Cathrine tercengang di pelukan Devan, sejenak tubuhnya membeku setelah mendengar apa perkataan calon suaminya itu padanya. Lantas ia melepas cepat pelukan Devan dan menatapnya tajam.


"Kau, kau tidak lagi bercanda kan Beb? Apa maksudmu pernikahan kita harus di batalkan, hah? Kenapa?! Ayo jawab aku Dev? Apa ini semua gara-gara wanita itu?!" teriaknya seraya menggoyang-goyangkan pundaknya Devan.


Devan menggeleng cepat. "Bukan, bukan karna Silvia, Cath. Tapi ini atas permintaan Mama sendiri. Mama tak ingin aku menikah dengan dua wanita sekaligus."


"Kalau begitu kenapa kau tidak ceraikan saja dia, Dev! Kenapa kau pertahankan pernikahanmu dengan wanita itu tanpa adanya cinta, dan mengorbankan kita yang sudah dua tahun menjalin hubungan serius ini!" Cathrine benar-benar shock dia tak terima dengan keputusan Dini yang tak memikirkan perasaannya dan lebih memilih Silvia sebagai menantunya.


"Sayang tenangkan dirimu, aku tahu kamu masih kecewa dengan keputusan ini. Sungguh ini bukan kemauanku." tegas Devan.


"Pokoknya aku tidak mau tahu, Dev! Aku tidak rela kalau kau memperistri wanita itu untuk selamanya. Ceraikan dia, aku bilang ceraikan dia! Mau di taruh mana mukaku ini jika pernikahan kita di batalkan, Dev! Semua orang sudah tahu jika kita akan menikah!" teriak kencang Cathrine, isakannya benar-benar menyayat hati Devan.


Devan menganggukkan kepala, berusaha menenangkan kekasihnya di dalam pelukan, seraya mengusap-ngusap punggung Cathrine agar bersabar.

__ADS_1


"Baiklah aku akan berusaha sayang... Aku akan bicara pada Silvia nanti agar dia mau aku ceraikan..." ucapnya. "Setelah ia setuju maka aku akan segera menikahimu..."


"Kamu janji kan Dev tak akan pernah meninggalkanku?" isaknya.
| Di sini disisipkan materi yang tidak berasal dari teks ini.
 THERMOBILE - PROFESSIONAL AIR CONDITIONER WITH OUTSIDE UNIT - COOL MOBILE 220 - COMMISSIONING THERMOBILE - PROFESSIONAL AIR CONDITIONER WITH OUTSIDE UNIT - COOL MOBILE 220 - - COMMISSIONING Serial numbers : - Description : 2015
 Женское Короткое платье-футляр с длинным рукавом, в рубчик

Devan menggeleng cepat.


"Tidak akan sayang, asalkan kamu bersabar menungguku. Dan kamu juga harus berusaha agar membuat Mamaku menyukaimu..." titah Devan memberikan saran untuk Cathrine agar ia bisa mengambil hati Mamanya.
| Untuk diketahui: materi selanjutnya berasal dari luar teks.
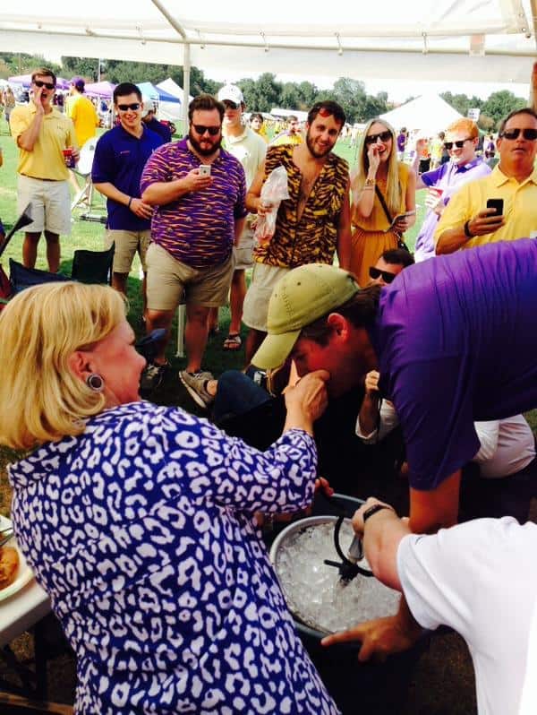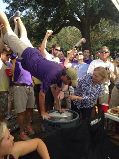 Mid-term elections are about six weeks away and it is a full court press for Congressional members and Senators to go out and campaign as if they are “one of the people”. Apparently that included Senator Mary Landrieu (D-LA) hitting Baton Rouge on Saturday visiting tailgate parties prior to LSU hosting Mississippi State. Although not dressed like an LSU fan (her shirt looks more like a blue cheetah pattern) she demonstrates that when in Rome, do as Romans do… which includes assisting in pulling off a successful keg stand.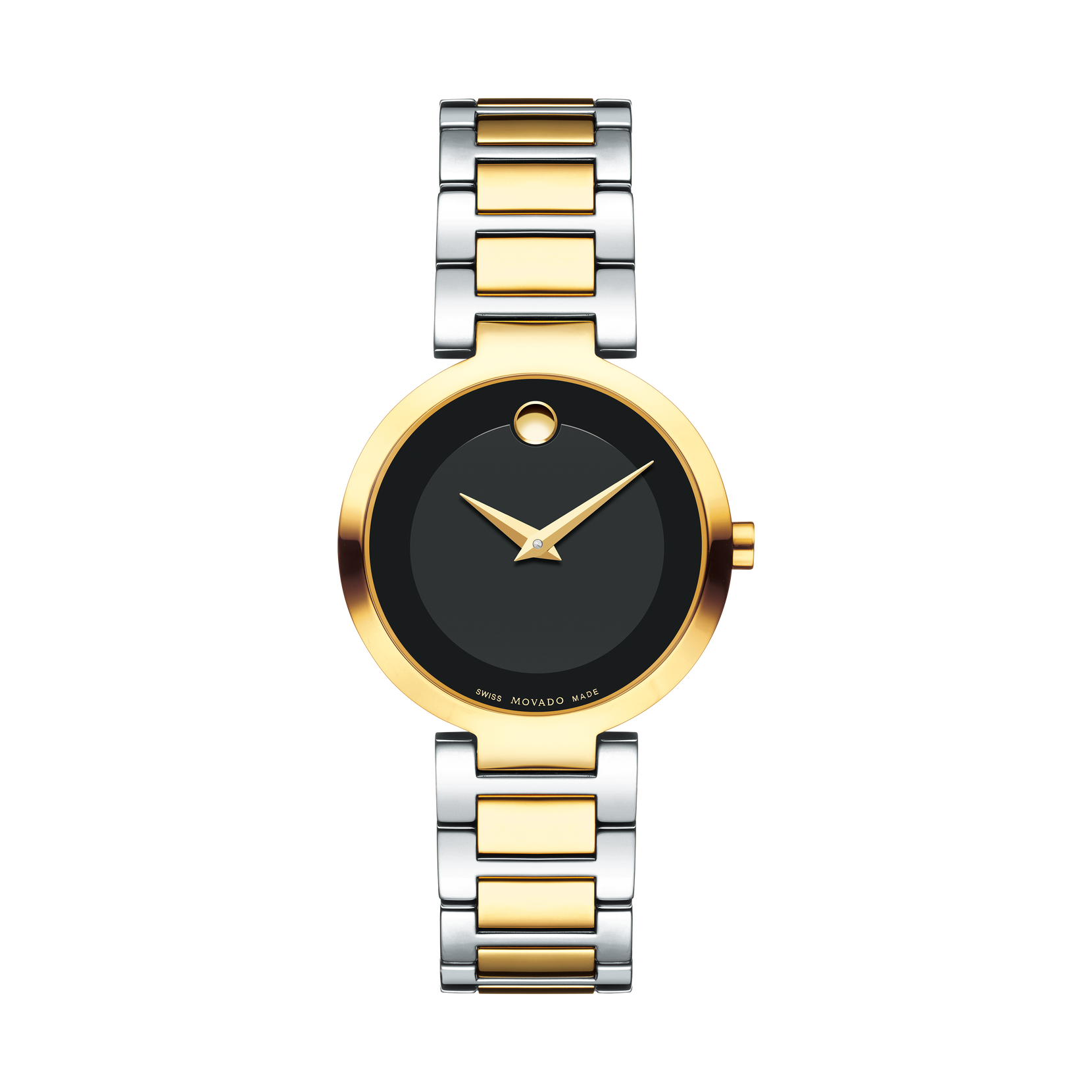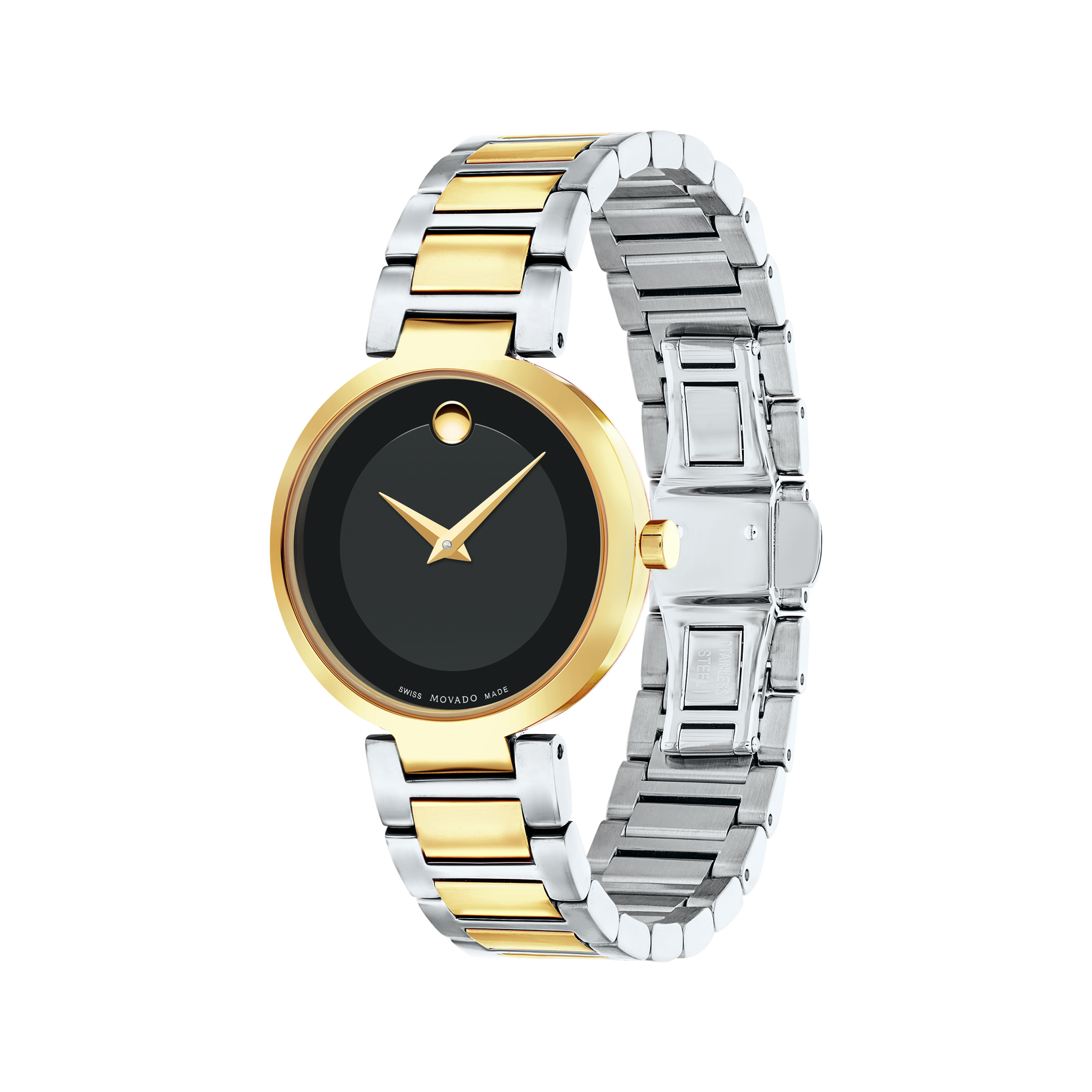 Women's Movado Collection quartz watch, 28 mm stainless steel and yellow gold PVD-finished case with wide, centered strap holder extensions, black Museum dial with tone-on-tone outer ring and gold-toned dot and hands, stainless steel and yellow gold PVD-finished link bracelet with deployment clasp.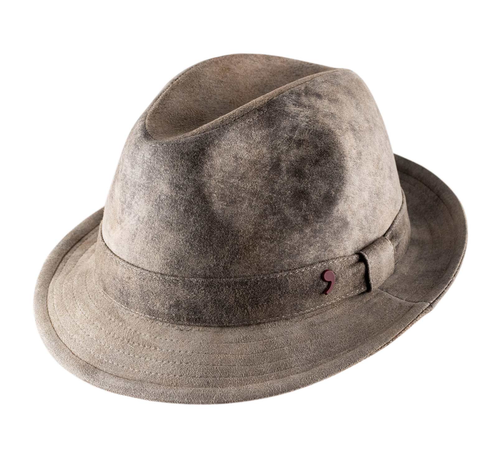 Assertive style, unique allure. This Player Hat in velvety leather is made for urban men who want to make an impression. Its patinated look, short and adjustable brim, and subtly crafted texture create a strong piece, both refined and striking.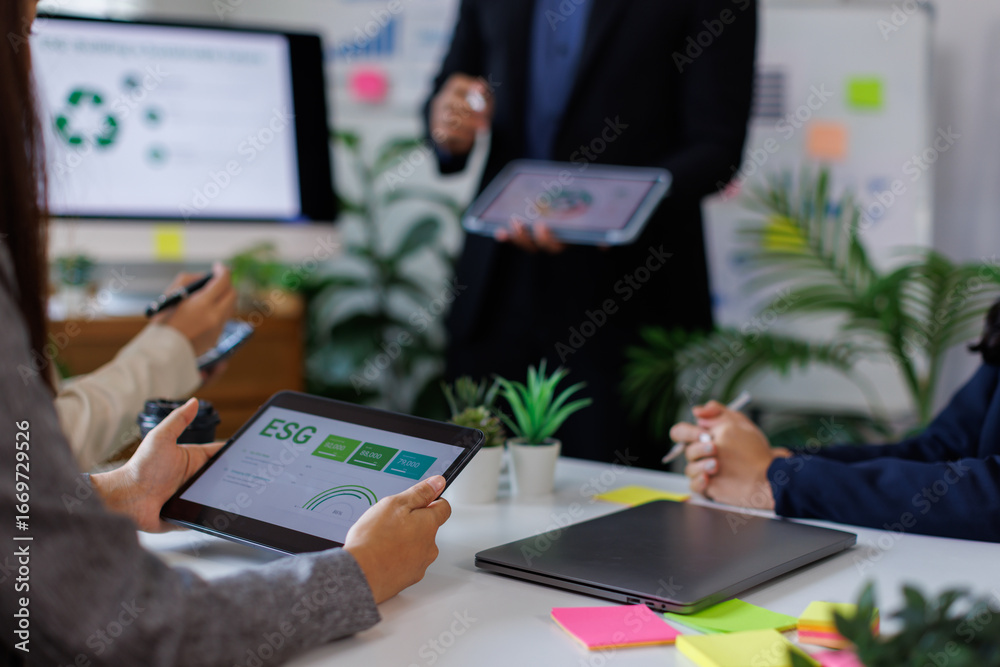 Team of asian business ESG Presentation and Team Collaboration. A professional woman presents ESG metrics to colleagues in a modern meeting room.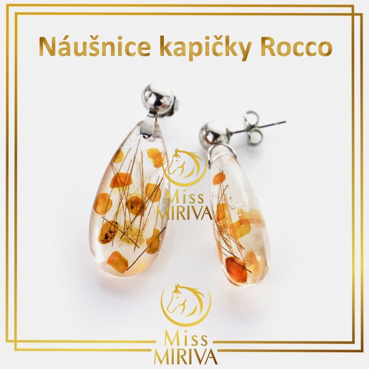 Ručně vyráběné naušnice z křišťálové pryskyřice v kombinaci s chirurgickou ocelí. Induviduální vzhled, vždy podle vašeho přání. Do prstenu lze zapracovat koňské žíně, hříva, žíně z kravičky, oslíka, srst z pejsků, kočiček, králíčků, pírka z papoušku, apod. Nově lze do korálku zapracovat i dětské vlásky... Kdyby vás napadly další možnosti, neváhejte nás kontaktovat.

Cathrine menghembus kasar nafasnya, di dalam pelukan Devan, wajahnya memerah padam seraya mencengkram kuat baju depan Devan. Hati kecilnya masih diliputi oleh amarah yang kapan saja bisa meledak-ledak jika tak mengontrol dirinya. Secepatnya dia harus mencari cara agar Silvia segera di ceraikan Devan.


****


"Kamu yakin tidak ingin menginap di rumah Mama saja, Silvia?" tanya Dini setelah mereka menghabiskan waktu bersama di rumah kediaman keluarga besar Alvandra.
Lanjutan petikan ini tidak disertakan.